Dabei würde der Schutz dieser Gebiete keine Unsummen kosten. Studien zufolge wäre der Schutz aller 42 Gebiete bereits für 82 Millionen $ pro Jahr zu bekommen. Das entspricht einem Durchschnitt von 930 $ pro Quadratkilometer. Die wirklichen Kosten würden je nach der Besiedelungsdichte der Umgebung zwischen 130 $ bis zu 5000 $ in dicht besiedelten Gegenden Asiens liegen. Rund 47 Millionen davon werden bereits von den Tigerstaaten und internationalen Organisationen aufgebracht, wovon alleine Indien den Löwenanteil trägt. Aber dennoch fehlen rund 35 Millionen $ pro Jahr für den Tigerschutz.

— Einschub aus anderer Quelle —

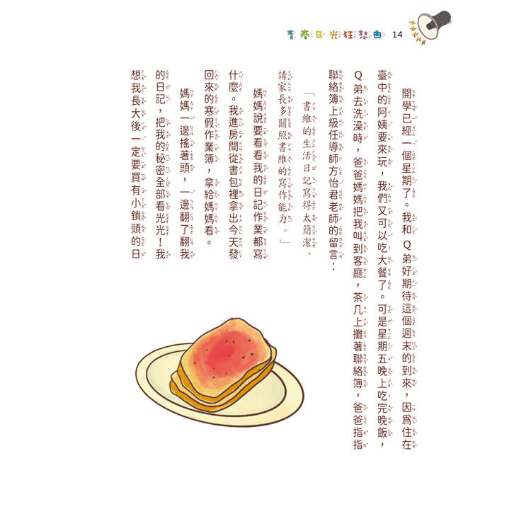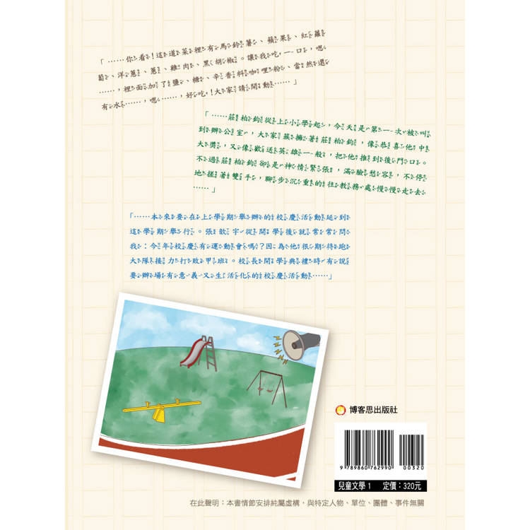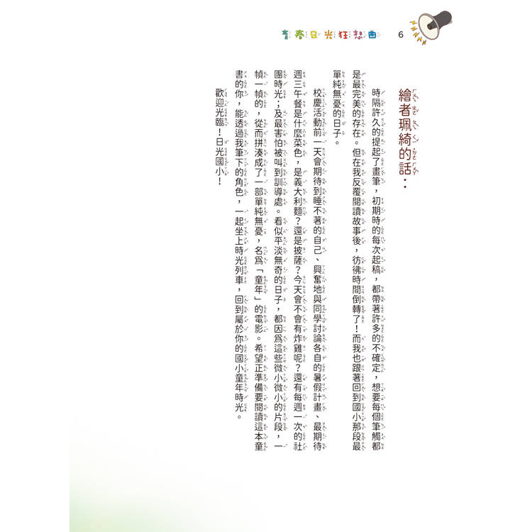 校慶活動前一天會期待到睡不著的自己、興奮地與同學討論各自的暑假計畫、最期待週三午餐是什麼菜色,是義大利麵?還是披薩?今天會不會有炸雞呢?還有每週一次的社團時光;及最害怕被叫到訓導處。看似平淡無奇的日子,都因為這些微小微小的片段,一幀一幀的,從而拼湊成了一部單純無憂,名為「童年」的電影。希望正準備要閱讀這本童書的你,能透過我筆下的角色,一起坐上時光列車,回到屬於你的國小童年時光。

Arten wie der Tiger, die sich durch eine weite Verbreitung, aber gleichzeitig meist durch eine geringe Bestandsdichte auszeichnen, muss  es Wandermöglichkeiten auch fern der Schutzgebiete geben, wenn die Art als solche überleben und nicht auf Dauer in kleinen, voneinander abgetrennten Gebieten an genetischer Verarmung und Inzucht leiden soll. Jetzt aber ist es erst einmal notwendig, die letzten Tigergebiete wirksam vor Wilderei zu schützen.

Tiger cubs sniff WWF camera trap from WWF on Vimeo.

Auf diesem Video zeigt eine Sumatra-Tigerin mit ihren Jungen eindeutig ihr Interesse für eine Kamera der World Wildlife Federation. Mittlerweile dürfte es nur noch rund 400 Sumatra Tiger in freier Wildbahn geben. Es ist also fraglich, ob diese Unterart die Verfolgung durch Wilderer und die Zerstörung ihres Lebensraumes in Indonesien noch lange überstehen wird. Diese speziellen, vom Wild aktivierten Kameras werden vom WWF seit rund 5 Jahren verwendet, aber es ist das erste mal, das eine Tigerin mit ihren Jungen darauf zu sehen ist.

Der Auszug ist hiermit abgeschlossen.